Distribution

Will the Manager You Picked Deliver Alpha or Have You Been Fooled by Randomness?

Distribution

 

The holy grail of investing, the ever-elusive alpha, is the additional return above and beyond what can be explained by the assumption of risk. IFA has long held that both individual and institutional investors should not waste their time or resources in seeking out managers who supposedly will deliver alpha. There are two primary reasons for this: First, it is costly, and it is a cost that is highly unlikely to provide a positive benefit, especially considering that the total amount of alpha that is available for capture in every asset class in negative. Second, the reach for alpha often causes investors to miss out on the returns associated with the risk factors of market, size, and value, all of which are there for the taking.

Despite all of this, we constantly see individual investors and 401k plan sponsors pick funds based on three or five years of hot returns. They are oblivious to the countless studies such as the S&P Persistence Scorecard which show that benchmark-beating returns appear no more often than we would expect to see from chance alone, and they cannot be relied upon to continue into the future. Perhaps these investors are not aware of the existence of a well-known statistical test which can determine if outperformance can be attributed to luck or skill, the t-test. It is based on the premise that the distribution of errors (or noise) is a bell-shaped curve, and we can thus calculate the probability of certain observations occurring under a given assumption.

When given a series of historical returns delivered by an active manager, the following steps may be taken to determine what the probability is that the performance is truly superior to a risk-appropriate benchmark.

  1. The returns of the manager are compared to the returns of the benchmark, and the difference is calculated for each calendar year.
  2. The average excess return and the standard deviation of the return differences are calculated.
  3. The t-statistic is calculated as the average excess return multiplied by the square root of the number of years divided by the standard deviation.
  4. If the t-statistic is greater than or equal to 2, then we are 95% confident that the manager has reliably delivered outperformance.

The question is often asked, “How many years of data do we need to have a t-statistic of 2 or greater?” The answer, of course, depends on the average excess return and the standard deviation of the return differences.

We can make a couple of assumptions such as the following:

The manager has an average excess return of 2% with a standard deviation of 6%. This implies the need for 36 years of data to get a t-statistic of 2. The assumption of 2% for the manager’s average excess return was chosen because the ability to deliver 2% above the benchmark after expenses is considered quite respectable in the investment profession, and a 6% standard deviation is approximately what IFA observed when measuring the alpha of over 600 actively managed funds.

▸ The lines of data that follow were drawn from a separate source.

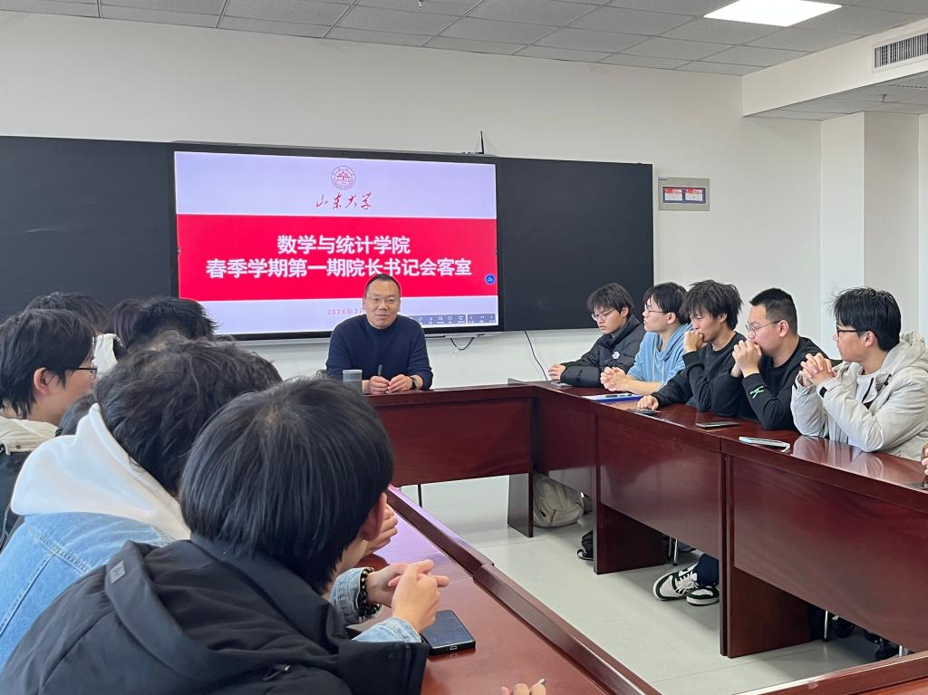 本站讯 3月8日下午,pg电子官方网站举办2024年春季学期第一期“院长书记会客室”。学院常务副院长齐海涛与16名本科生代表相聚北衡楼1421室,一起畅谈“修身”“治学”,充分了解学生发展诉求,以师长的关怀,勉励同学们做“知数达理,敦学求真”的山大数学人。辅导员赵宇轩陪同参加活动。
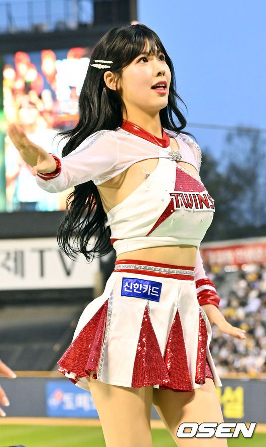 16일 서울 잠실야구장에서 2025 신한 SOL Bank KBO리그 LG 트윈스와 삼성 라이온즈의 경기가 열렸다. 이날 LG는 임찬규, 삼성은 최원태를 선발로 내세웠다 LG 박예은 치어리더가 화려한 공연을 펼치고 있다. 2025.04.16 / rumi@osen.co.kr
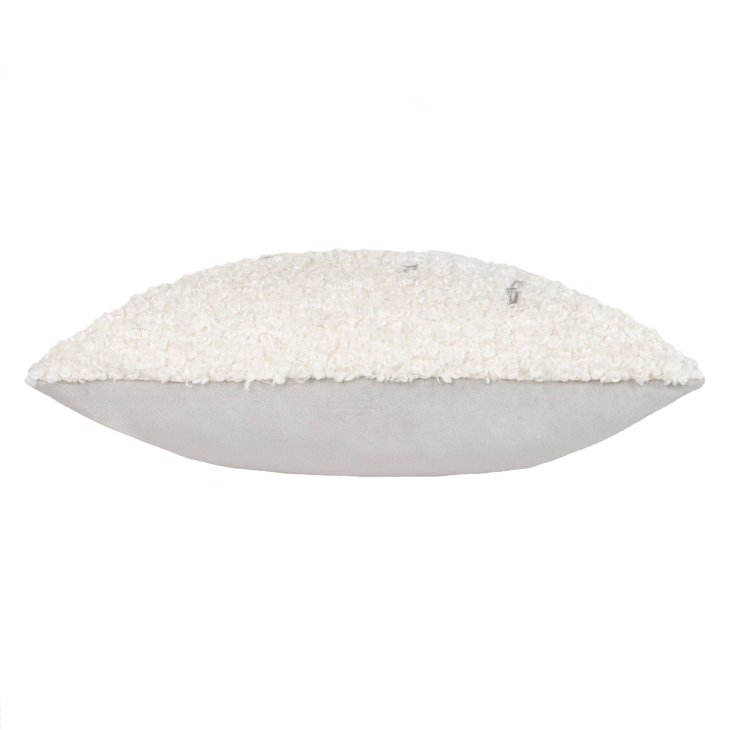 A super soft wintry cushion with a detailed embroidered design of people making snow angels in the cosy snow-like boucle fleece fabric. There are sparkling silver lyrics from Let it Snow, and it is finished with soft velvet on the back.
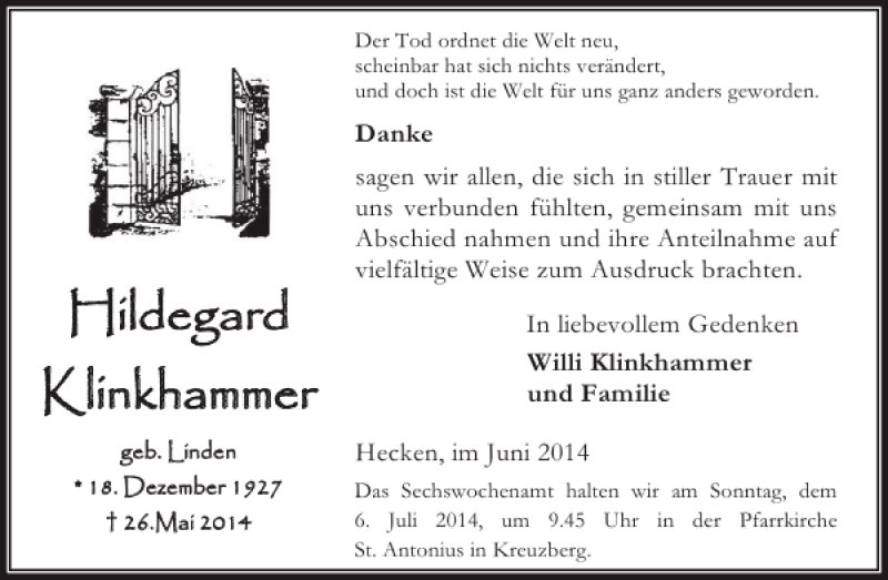 Hier finden Sie alle Traueranzeigen aus der Zeitung, die bisher für Hildegard Klinkhammer erschienen sind. Weitere Traueranzeigen, die in der Zeitung erscheinen, werden hier ebenfalls aufgelistet
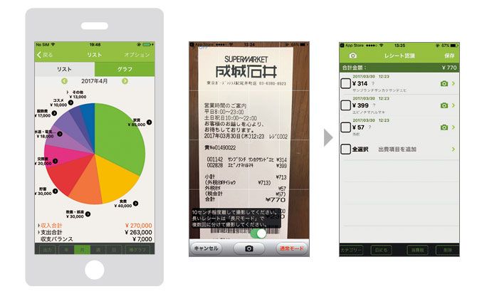 基本的な機能はすべて無料。ただし、レシート読み込みやバックアップデータ保存などは有料。
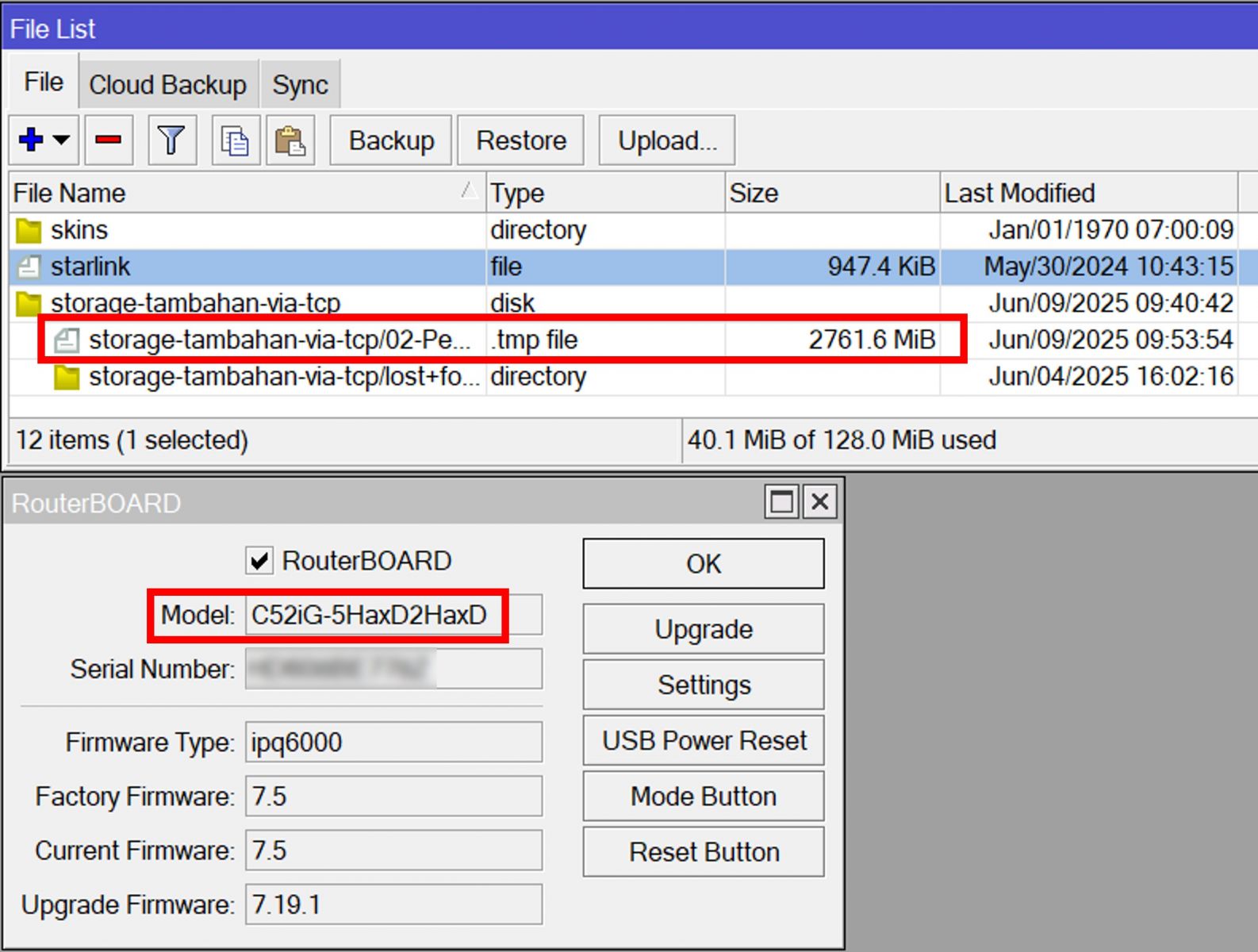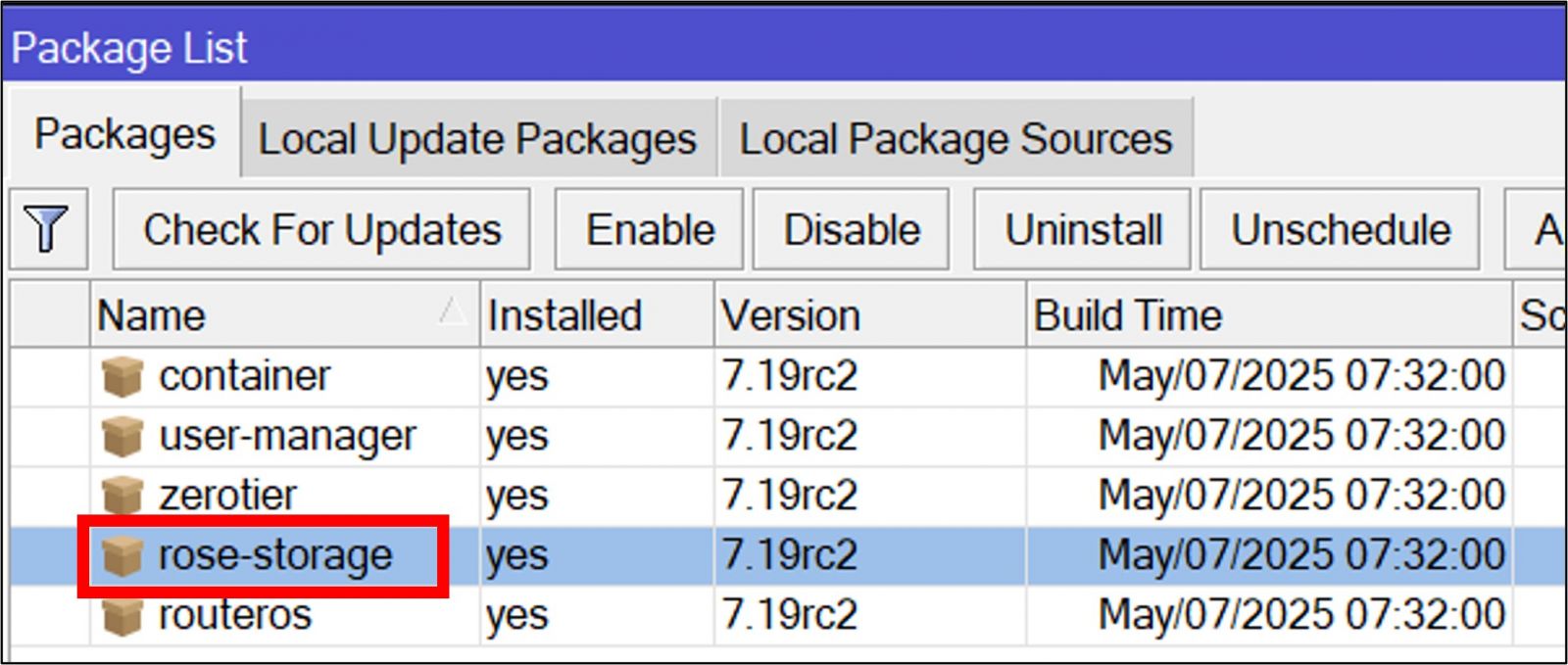 Setelah itu pastikan juga pada kedua router sudah terdapat package “rose-storage” dan saat ini untuk melakukan percobaan kita menggunakan routeros versi 7.19rc2.
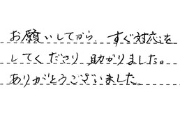 お願いしてから、すぐ対応をしてくださり、助かりました。ありがとうございました。

Below is a table showing how the standard deviation of the return difference affects the number of required years:

Standard Deviation Number of Years Required
to get a t-Statistic of 2
4% 16
5% 25
6% 36
7% 49
8% 64

 

 

 

 

 

It is uncommon to have an excess return above the benchmark with a low standard deviation. In such cases, the manager is usually overwhelmed with new money and is no longer able to retain his advantage. According to Morningstar, the average mutual fund manager tenure for all domestic equity categories is 5 to 6 years. Clearly, this is not nearly enough time to establish the existence of stock-picking or bond-picking skill.

Once they develop an elementary understanding of statistics, the only sensible move for investors is to stop playing the mug’s game of manager-picking and instead accept the simple premise that risk is the only reliable source of returns, and with the help of a passively-oriented advisor, they can capture the returns available via exposure to the risk factors identified by the academics.